L’Allemagne dans ce siècle

La crise en Ukraine aura eu pour mérite de faire sortir l’Allemagne du sommeil stratégique dans lequel elle était plongée depuis la chute de l’Union soviétique.

Nicolas Barré
Nicolas Barré (Dessin Kim Roselier pour « Les Echos »)

Par Nicolas Barré

Publié le 28 févr. 2022 à 17:10 | Mis à jour le 28 févr. 2022 à 19:38

Enfin, l’Allemagne s’éveille au XXIe siècle. Vladimir Poutine aura réussi l’exploit de la sortir du grand sommeil stratégique dans lequel elle était douillettement plongée depuis Gerhard Schröder, devenu chancelier en 1998, puis Angela Merkel. « Nous avons failli face à l’histoire » : cet aveu terrible de l’ancienne ministre de la Défense de la chancelière, Annegret Kramp-Karrenbauer, dit tout.

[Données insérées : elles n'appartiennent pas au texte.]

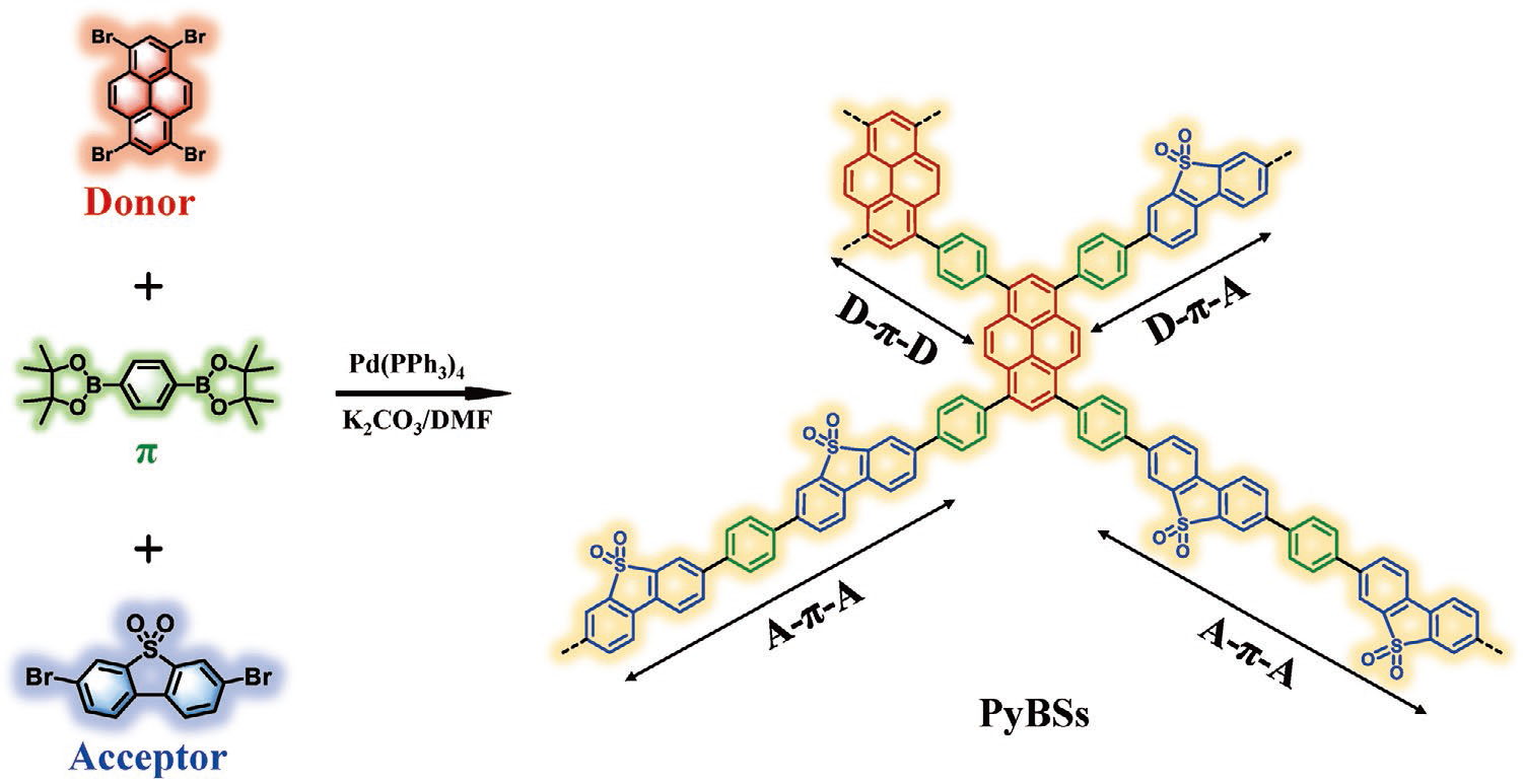 近日,公司蒋加兴教授团队通过调控芘(给体)与二苯并噻吩-S,S-二氧化物(受体)单元的摩尔比,通过统计共聚法设计合成了系列具有D-π-A结构的有机共轭聚合物光催化剂。通过引入苯桥连接及调控供体和受体的含量,提高光生电子和空穴的传输与分离,获得了具有高光催化产氢活性的有机光催化剂PyBS-3,该材料具有优异的光催化产氢性能,在紫外可见光下具有1.05 mmol·h-1的光催化产氢速率,质量归一化的产氢速率达到105 mmol·h-1·g-1。该研究工作为制备具有优异光催化分解水产氢性能的有机光催化剂提供了一条新的路径。
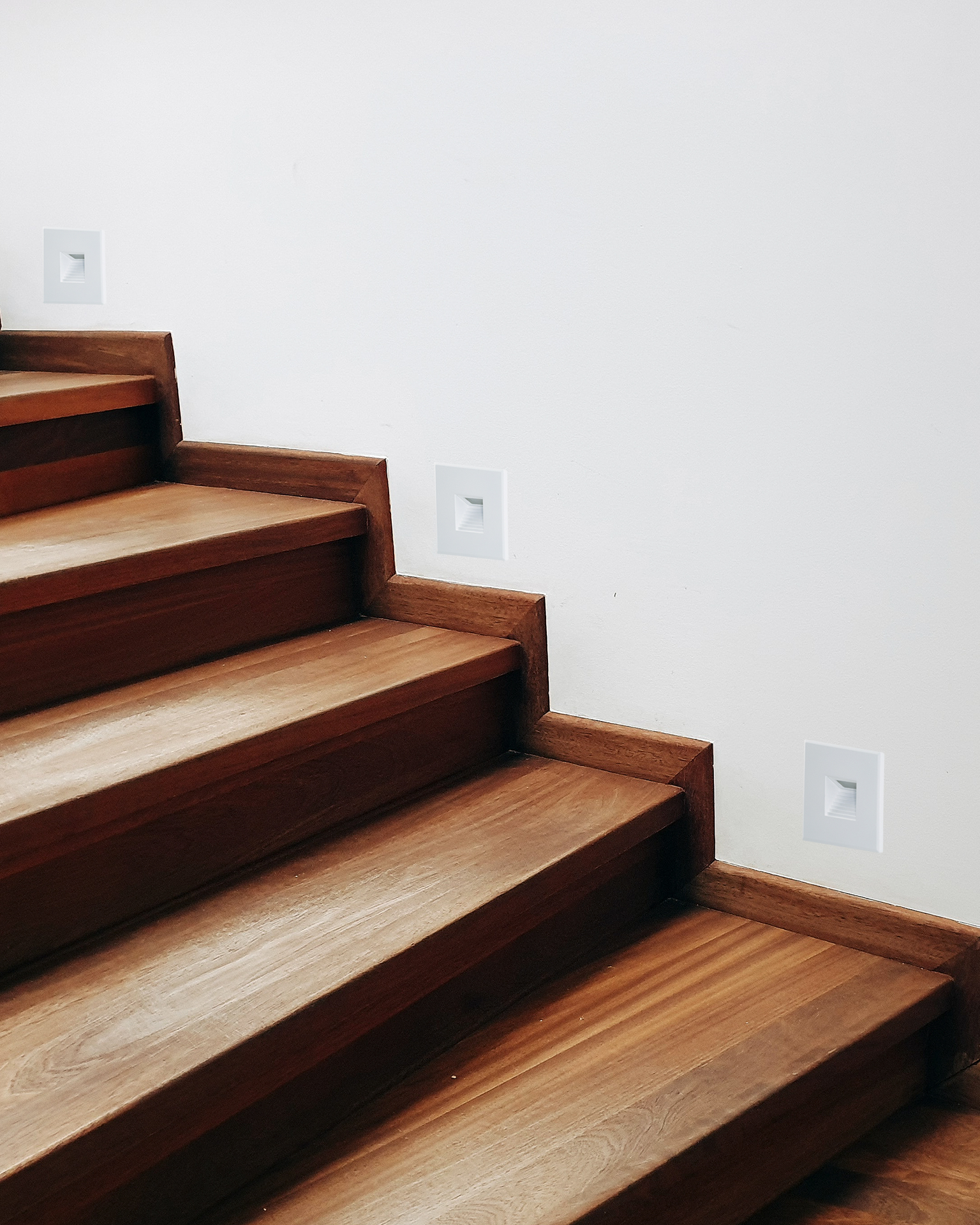 Der Körper aus Aluminium, zusammen mit der hochwertigen Pulverbeschichtung von DuPont macht diese Treppenleuchten besonders. Ein ausgeklügeltes Design und mitgelieferte Dichtungen sorgen für Wasserdichtigkeit, so dass die Leuchte auch für den Außenbereich oder Feuchträume geeignet ist (IP54).
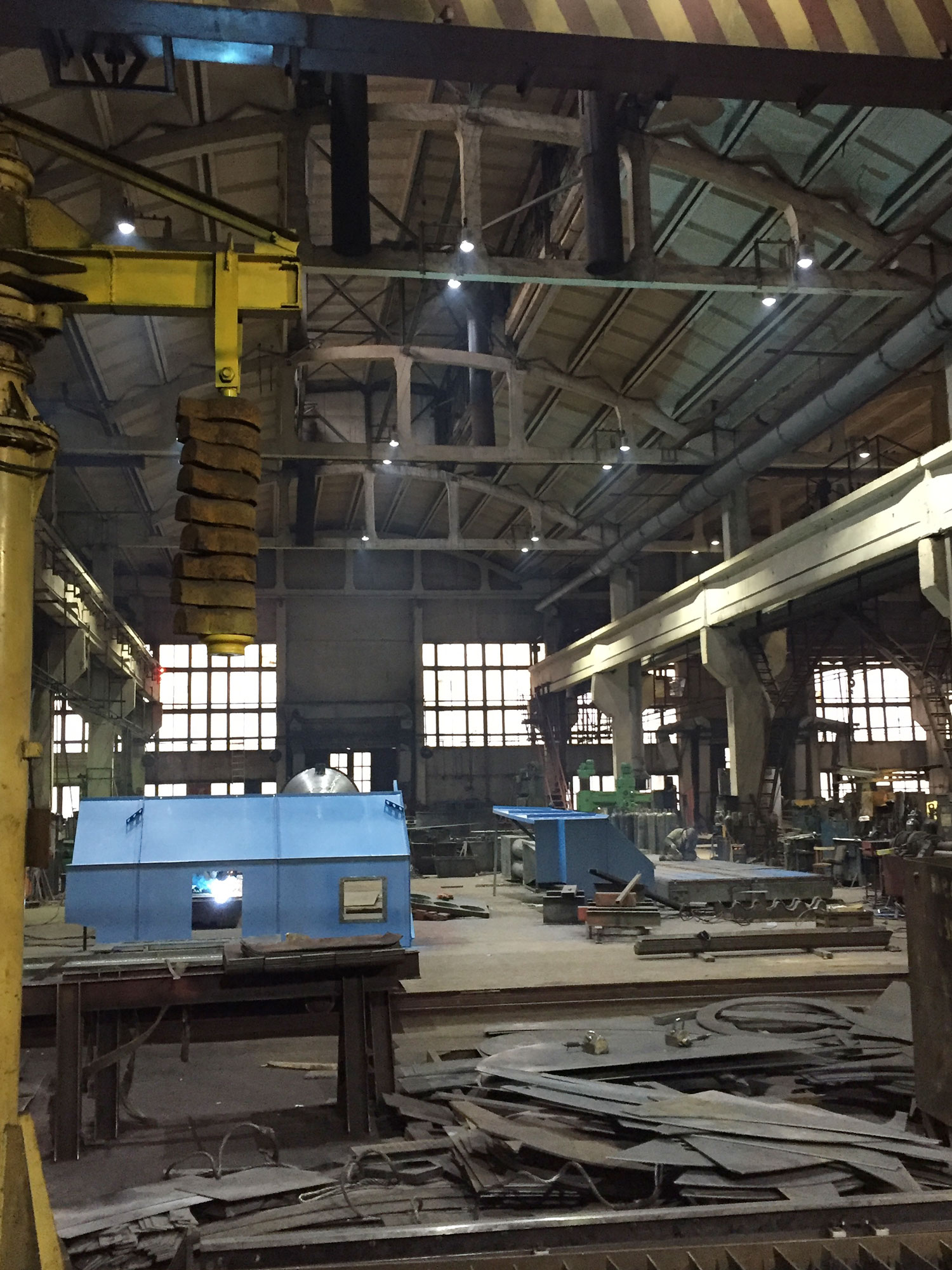 Предложенное осветительное решение: Исходя из потребности приобретения купольных светильников и большой высоты подвеса, менеджер нашей компании предложил заказчику заменить устаревшие лампы ДРЛ-400 на новые светодиодные светильники ПромЛед Профи v2.0-100
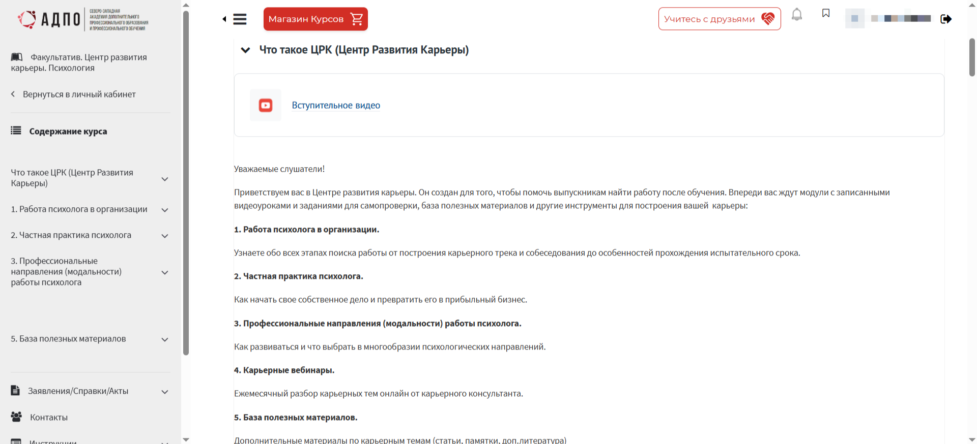 После зачисления на программу на электронную почту вы получаете письмо со ссылкой для входа в СДО, а также индивидуальные логин и пароль. В личном кабинете вам доступны основные разделы.
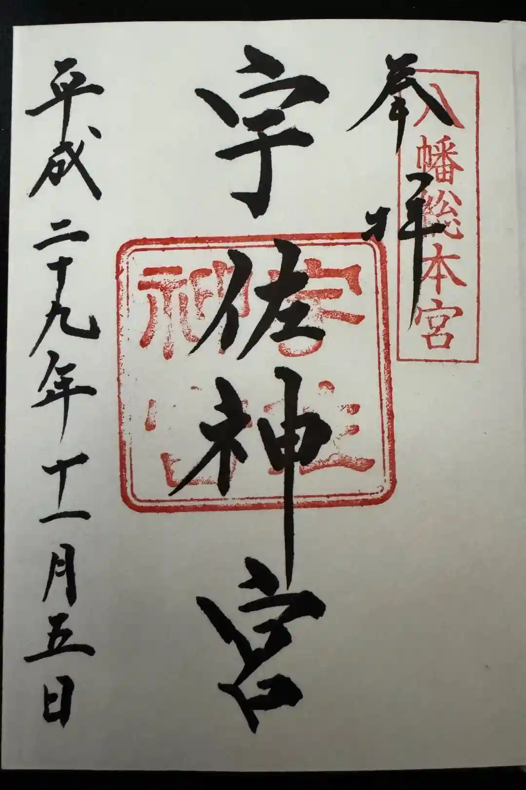真ん中に宇佐神宮と書かれ、右上に八幡総本宮の印、真ん中に宇佐神宮の社印が押されています。
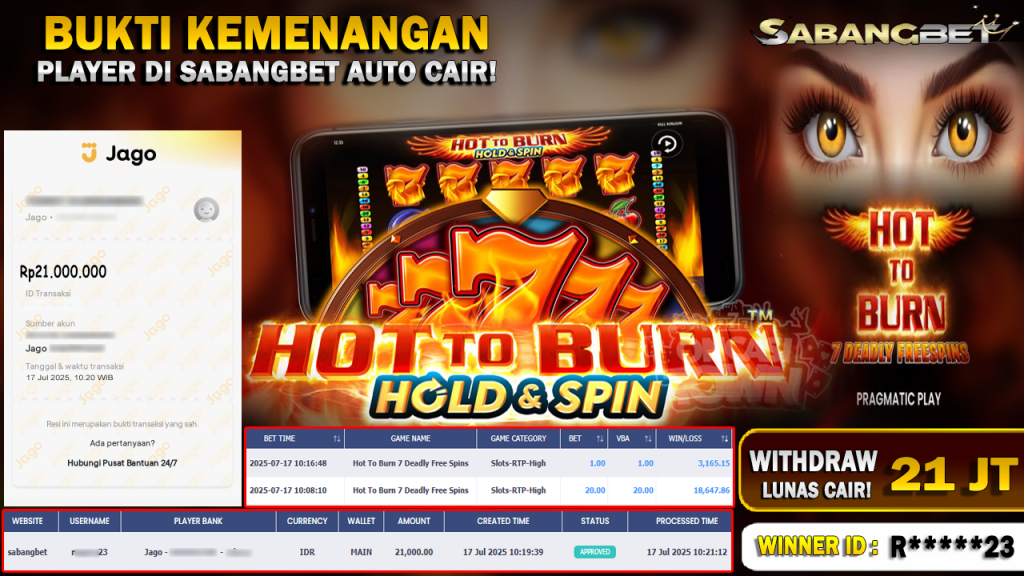 BUKTI KEMENANGAN 17 JULI 2025 DI GAME HOT TO BURN 7 DEADLY FREE SPINS WD 21 JUTA
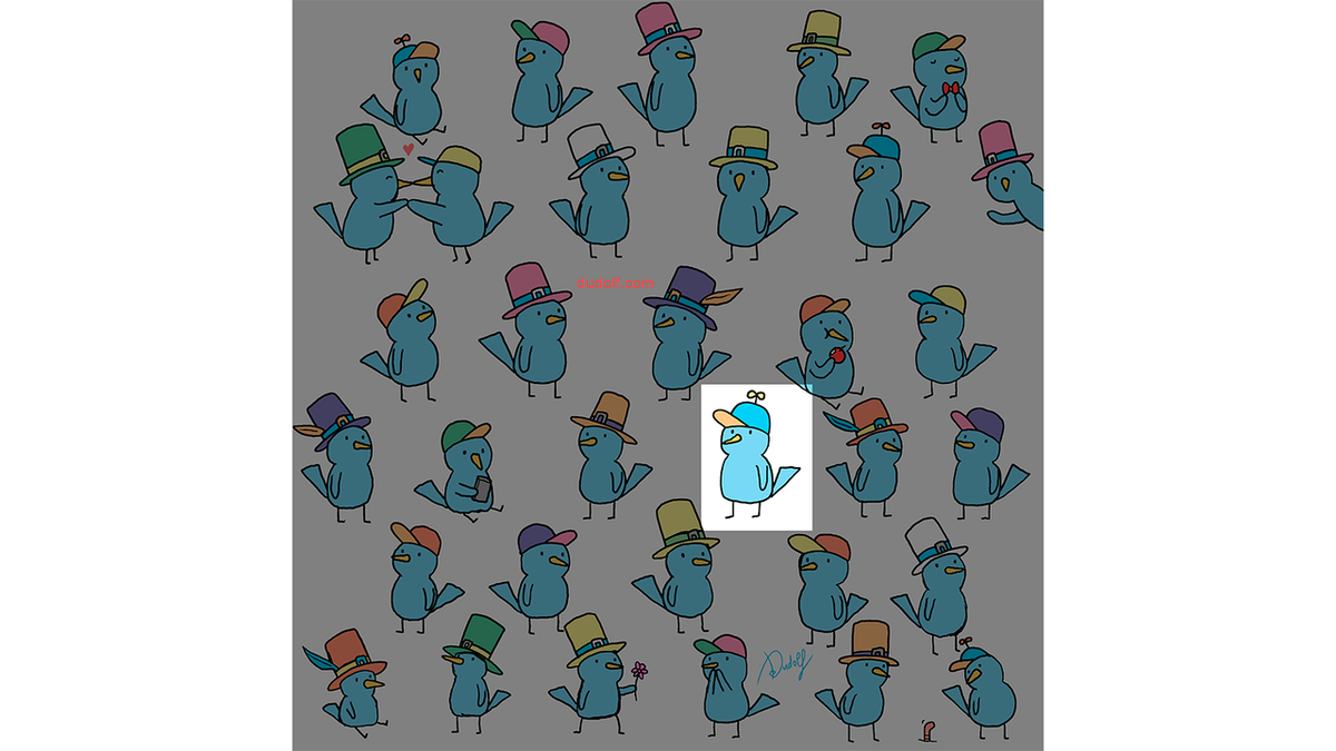 В одной из своих иллюстраций венгерский художник Гергей Дудаш снова предлагает проверить наблюдательность. На картинке — синие птички в разных шляпах. Почти у каждой головной убор повторяется у соседки. Но есть одна деталь, которая выбивается из общего ряда.
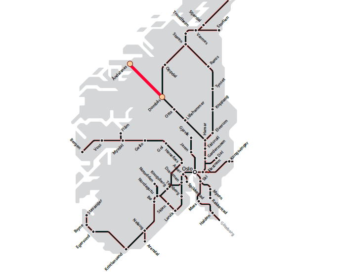 ラウマ鉄道はノルウェーで最も素晴らしい鉄道の一つです。Oslo駅からNSBインターシティで約3時間でDombas駅に到着します。Dombas駅からAndalsnes駅までの区間がラウマ鉄道になります。
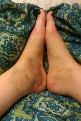 The swelling on my ankle is not going down. I am in considerable pain, but not enough to hinder mobility (sort of…) This injury is the result of a soccer game with friends and then a bunch of Chicagoans in the park on Saturday. A kid wearing glittering cleats (thus his new name, Glitter Cleats) kicked me, right before being yelled at to take it easy on the girl. That upset me, obviously, and it didn’t bother me until I looked down and saw the emerging mass that had become my ankle.
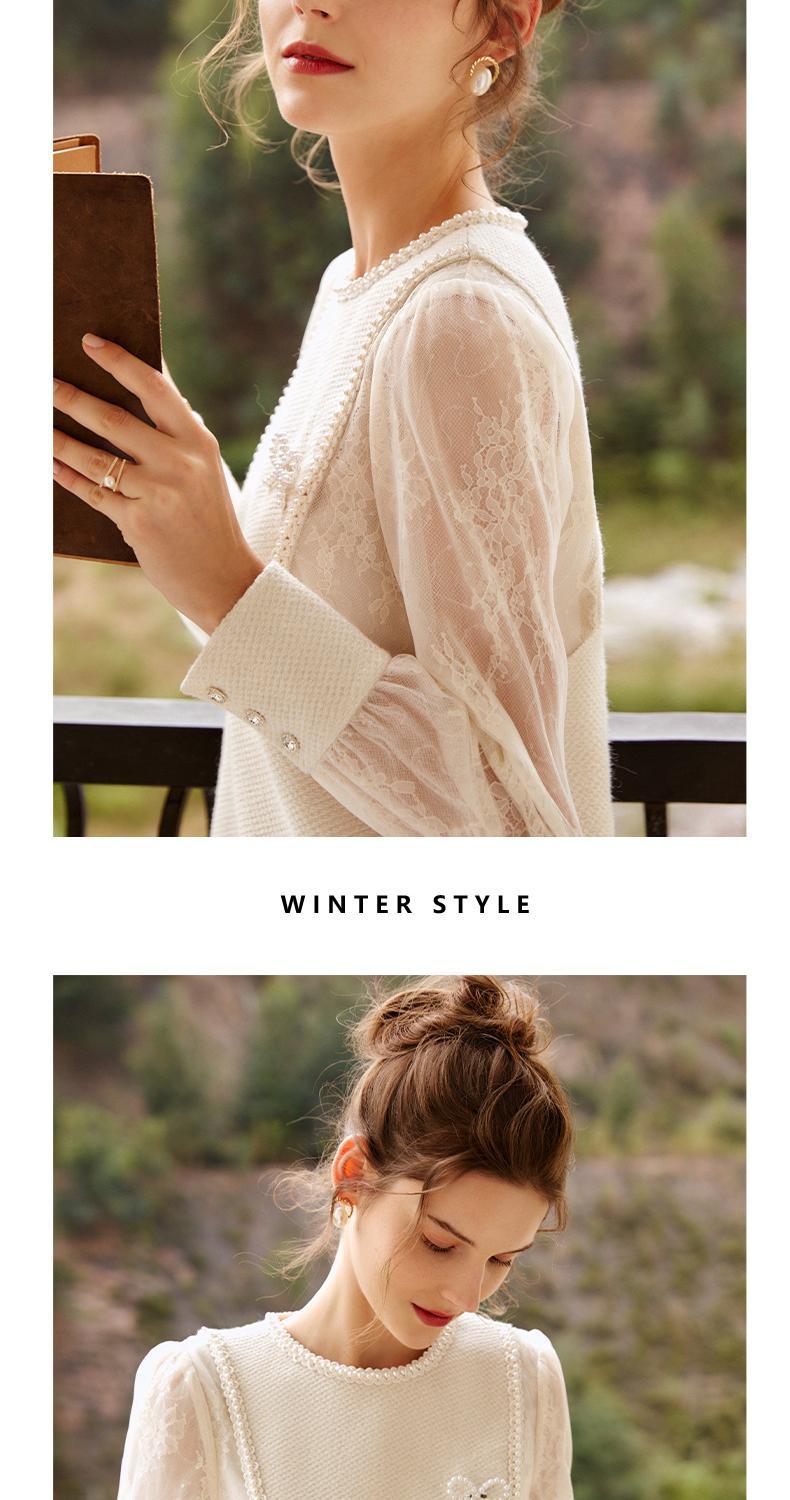 OLrain欧芮儿白色V领T恤女冬季2024年新款法式设计感蕾丝长袖上衣

Engourdie comme d’autres Etats européens dans le mythe des « dividendes de la paix », l’Allemagne d’Angela Merkel n’a pas perçu la montée des périls. Ironie de l’histoire, il revient désormais à son successeur, Olaf Scholz, imprégné de culture pacifiste mais aiguillonné par les événements et sentant le souffle de l’histoire , de réussir ce réveil stratégique.

Un rôle pour l’histoire

C’est le moment d’endosser des rôles plus grands que soi. Dans Kiev assiégé, l’ex-acteur comique Volodymyr Zelensky le prouve chaque jour , usant avec talent des réseaux sociaux – face à l’envahisseur, toutes les armes sont bonnes à prendre. Devant le Bundestag en fin de semaine dernière, Scholz fut à la hauteur du changement d’ère que l’on attendait de Berlin.

Depuis la fin de la guerre froide, jamais l’Allemagne n’a porté ses dépenses militaires à 2 % du PIB. Elle s’engage désormais à aller au-delà et reconnaît de facto l’échec de sa stratégie de sécurité vis-à-vis de la Russie qui, depuis la chute de l’Union soviétique, avait consisté à miser sur une coopération économique renforcée.

Naïveté

Solder ces années de naïveté va coûter cher. Il y a quelques jours encore, la ministre des Affaires étrangères Annalena Baerbock justifiait son refus d’exclure les banques russes du système Swift par la nécessité de continuer à importer du charbon et du gaz. Pour la ministre écologiste, brûler du charbon russe était donc plus important que de sanctionner l’écrasement de la démocratie ukrainienne !

De même, Berlin s’accrochait à sa doctrine officielle de ne pas livrer d’armes à des régions en guerre, doctrine qui n’a toutefois pas empêché son industrie de défense de livrer l’Arabie saoudite face au Yémen…

Servitude volontaire

Solder ces années de naïveté, c’est aussi admettre que la stratégie de sortie à marche forcée du nucléaire, sans aucune concertation avec ses partenaires européens, a plongé l’Allemagne, et avec elle tout notre continent, dans un état de dépendance préoccupant à l’égard de Moscou. Et si l’on élargit la focale, en finir avec la naïveté, c’est également reconnaître qu’au nom de la défense de son industrie, notamment automobile, l’Allemagne n’a pas poussé l’Europe à exiger de la Chine une vraie réciprocité dans l’accès à son marché.

Que ce soit vis-à-vis de la Russie, de la Chine ou des autres grandes puissances, l’Europe n’a pas pour destin de s’accommoder d’un état de servitude volontaire. Il était temps que cela soit admis dans toutes les capitales du continent.